> **PROBLEM DESCRIPTION**: Using the data that follows, output only the lines from the line with "元々の仕様も立体的でゴージャ" up to and including the line with "Botschafterkonferenz anlässlich des", exactly, leaving pictures aside.

──────── INPUT DATA ────────

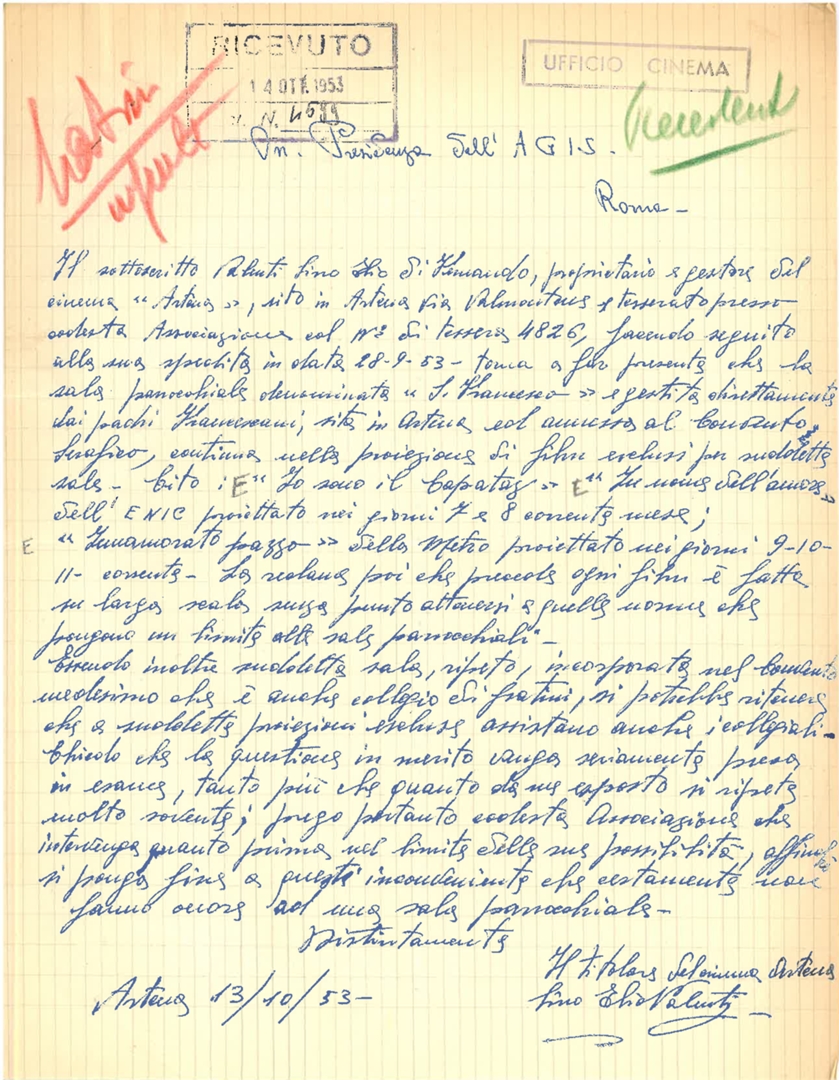 La direzione del cinema di Artena segnala l'irregolare attività del locale cinema parrocchiale San Francesco. Manoscritto
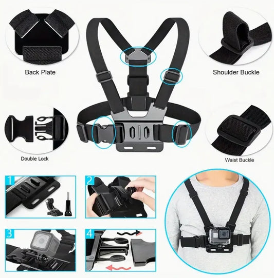 🎥 Soporte de teléfono de 5 en 1 para pecho con correa ajustable
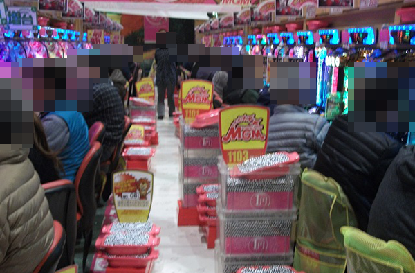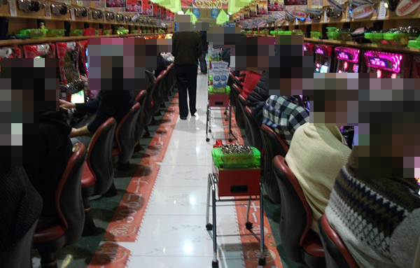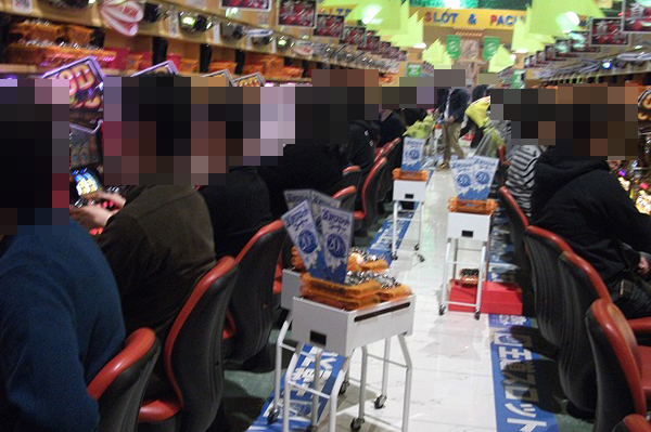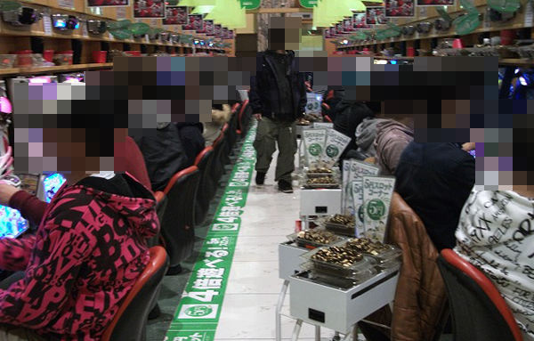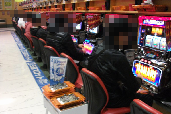 5円パチスロも、空き台がほとんど見当たらないほどに盛況。
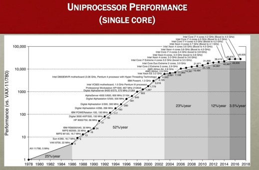 A Lei de Moore diz que o poder computacional dobra a cada 18 meses a um custo constante. Nas últimas décadas, foi esse ganho de eficiência que permitiu o avanço computacional exponencial que vivenciamos. A Lei de Moore traduz uma predição, um comportamento, não é uma lei física.
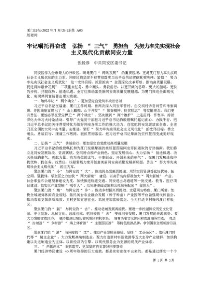 署名文章:2022.01.26张毅恭中共同安区委书记:牢记嘱托再奋进弘扬三气勇担当为努力率先实现社会主义现代化贡献同安力量
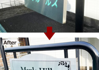 元々の仕様も立体的でゴージャスな銘板ですが、華やかな装いで建物に高級感を与える館銘板となりました。
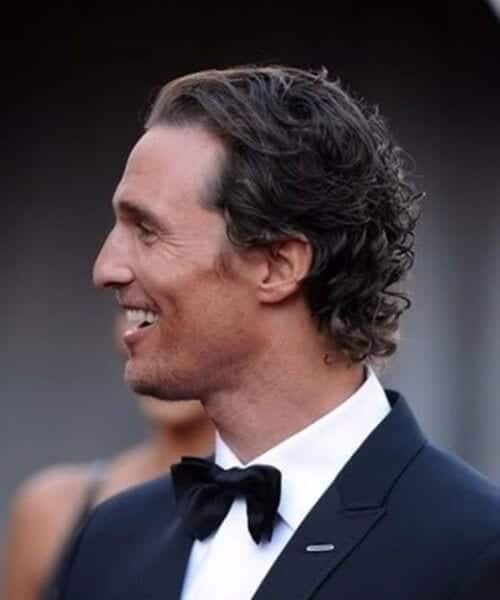 Oké, oké, oké! We wedden dat je dat net in zijn stem hebt gelezen, nietwaar? De acteur draagt graag zijn haar in een middellange lengte, gladd over de kroon van zijn haar met veel haarproducten. Op deze manier verzamelen al zijn krullen zich bij de nek van de nek.
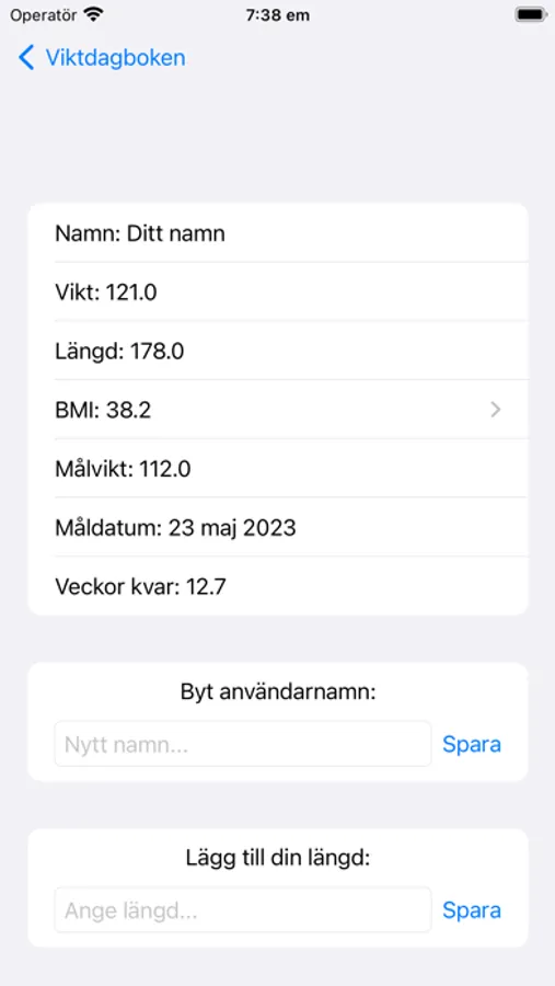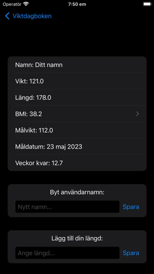 - Dokumenterar och visar statistik över din viktutveckling som också är skyddad bakom en inloggning.
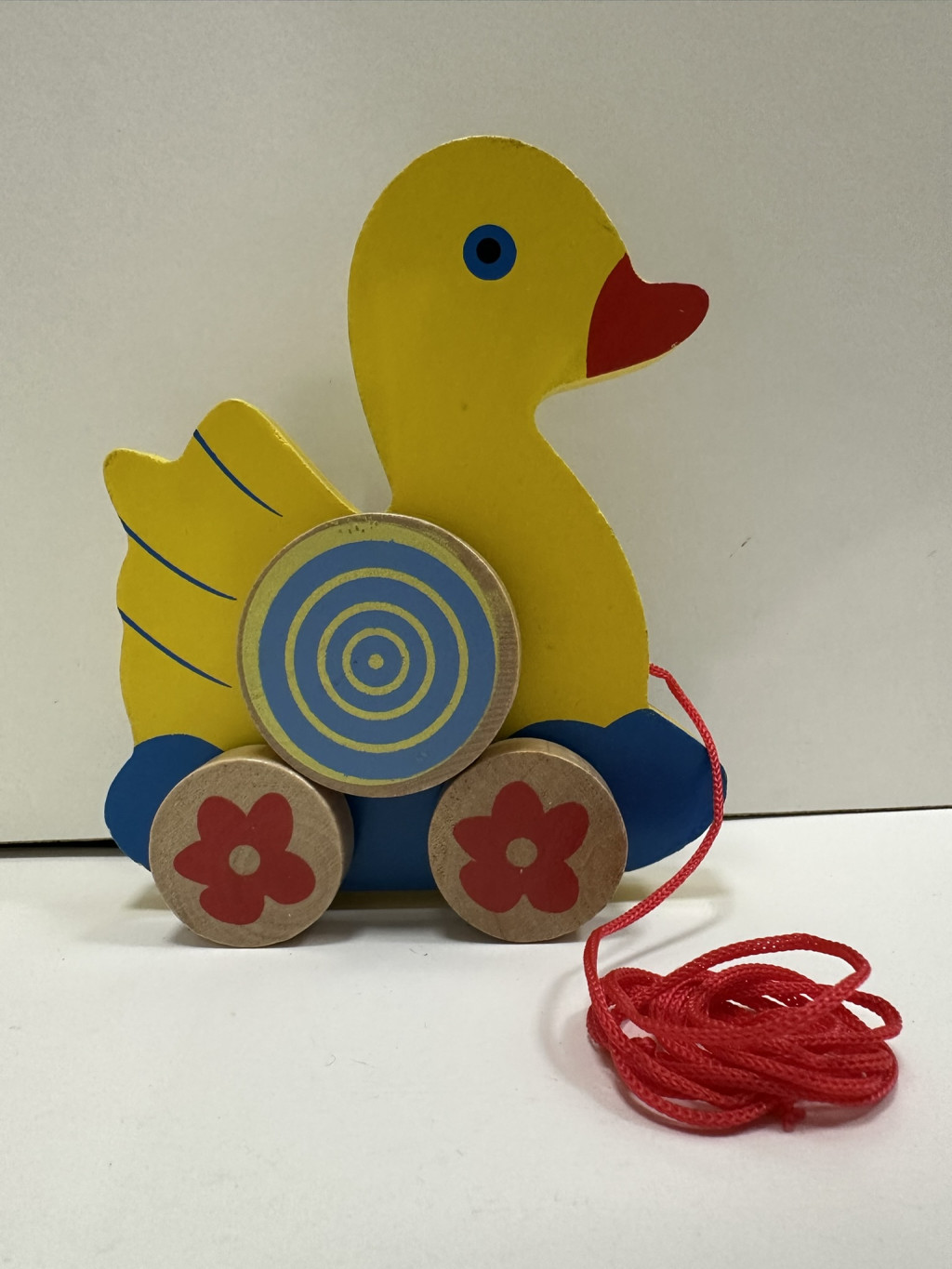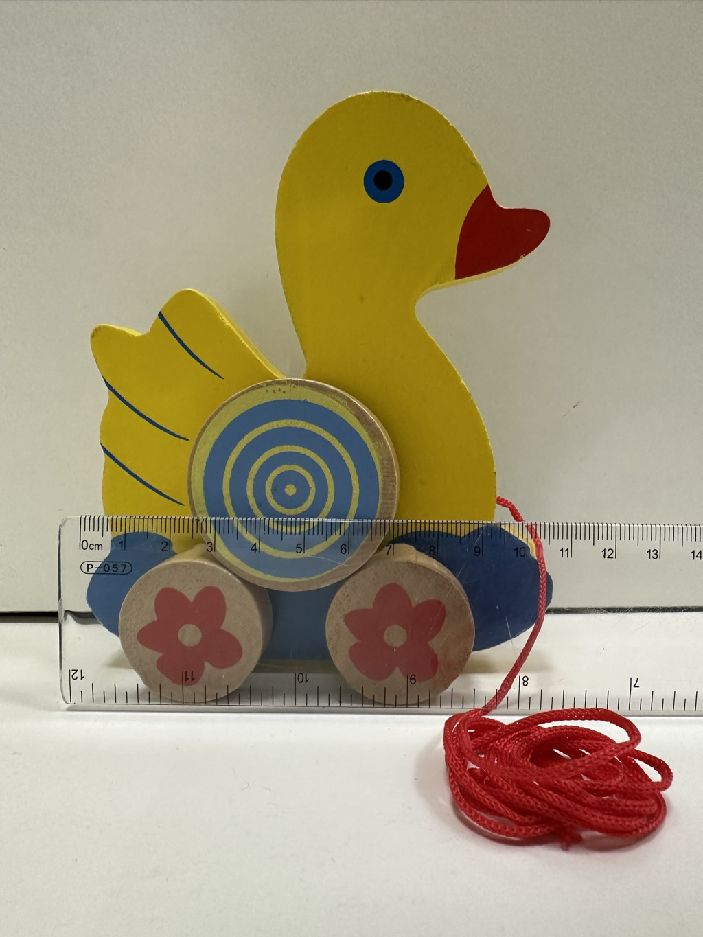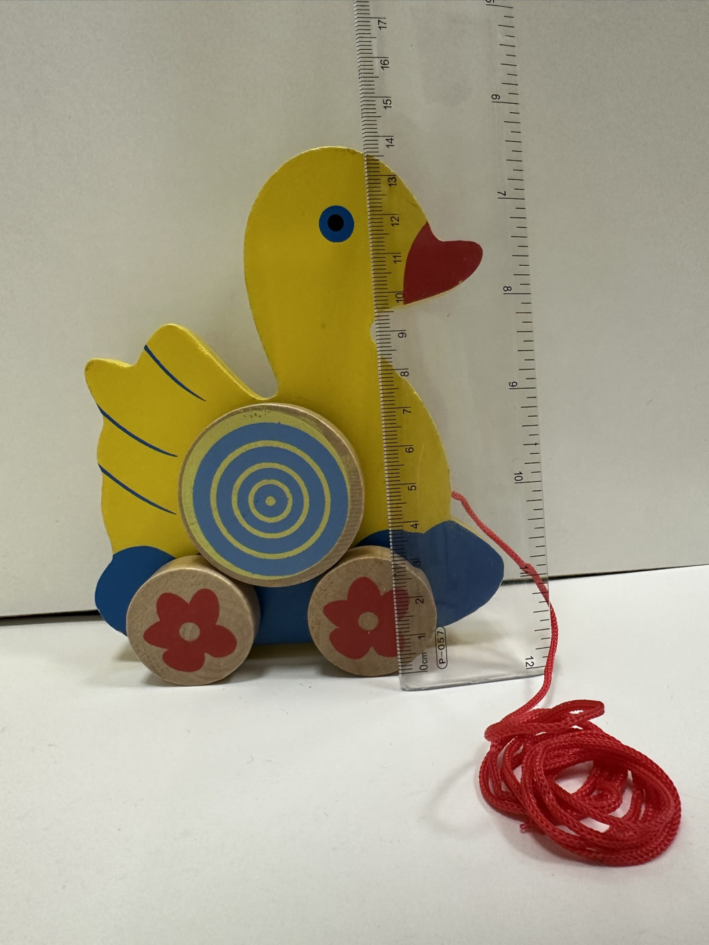 Ez az aranyos, húzható kis kacsa biztosan belopja magát a gyerekek szívébe! A sárga színű, piros csőrű kiskacsa kedves megjelenésével és guruló fakerekeivel ideális kísérő a lakásban, a kertben vagy akár az óvodába menet. A piros virágmintás kerekek simán gördülnek, a piros zsinórt pedig kis kezek is könnyedén tudják húzni.
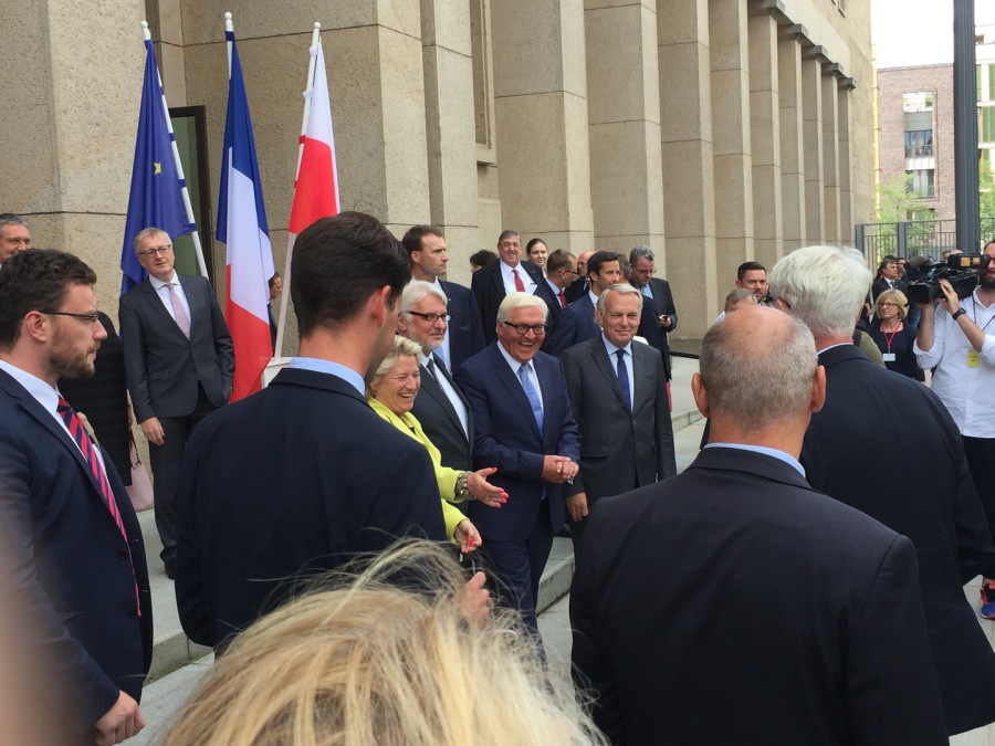 Botschafterkonferenz anlässlich des 25. Jubiläums des Weimarer Dreiecks gemeinsam mit dem französischen Außenminister Jean-Marc Ayrault und dem polnischen Außenminister Witold Waszczykowski.
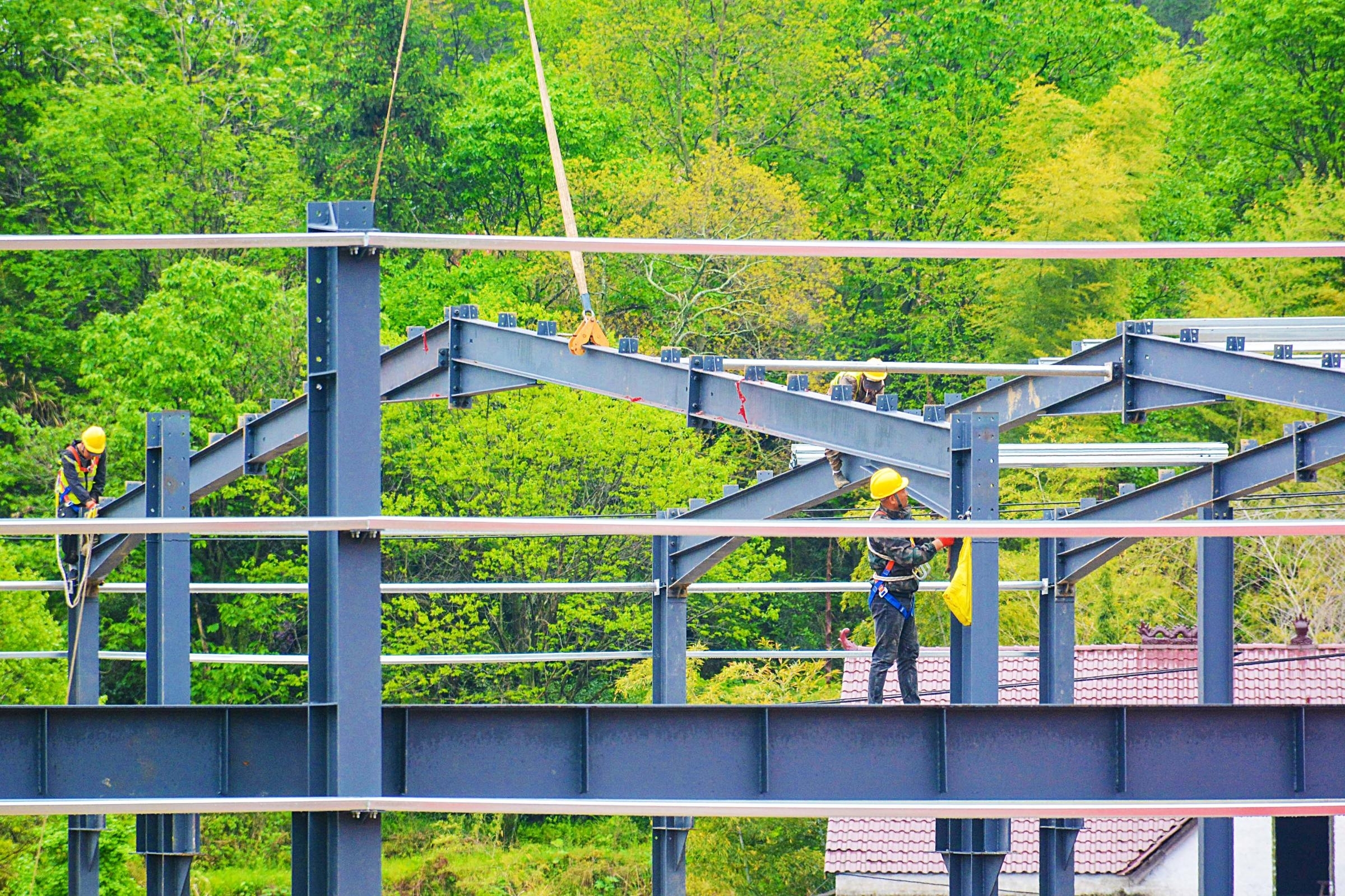 4月23日,在岳西县的六安至安庆铁路建设现场,工人们抢抓春季施工黄金期,有序推进项目建设。六庆铁路是大别山区振兴发展的重要基础设施,正线全长约170公里,设计时速250公里,项目建成后将进一步完善区域铁路网布局,推动区域协调发展。本报通讯员 吴均奇 摄

────────

> **TASK OUTPUT**:
 元々の仕様も立体的でゴージャスな銘板ですが、華やかな装いで建物に高級感を与える館銘板となりました。
 Oké, oké, oké! We wedden dat je dat net in zijn stem hebt gelezen, nietwaar? De acteur draagt graag zijn haar in een middellange lengte, gladd over de kroon van zijn haar met veel haarproducten. Op deze manier verzamelen al zijn krullen zich bij de nek van de nek.
 - Dokumenterar och visar statistik över din viktutveckling som också är skyddad bakom en inloggning.
 Ez az aranyos, húzható kis kacsa biztosan belopja magát a gyerekek szívébe! A sárga színű, piros csőrű kiskacsa kedves megjelenésével és guruló fakerekeivel ideális kísérő a lakásban, a kertben vagy akár az óvodába menet. A piros virágmintás kerekek simán gördülnek, a piros zsinórt pedig kis kezek is könnyedén tudják húzni.
 Botschafterkonferenz anlässlich des 25. Jubiläums des Weimarer Dreiecks gemeinsam mit dem französischen Außenminister Jean-Marc Ayrault und dem polnischen Außenminister Witold Waszczykowski.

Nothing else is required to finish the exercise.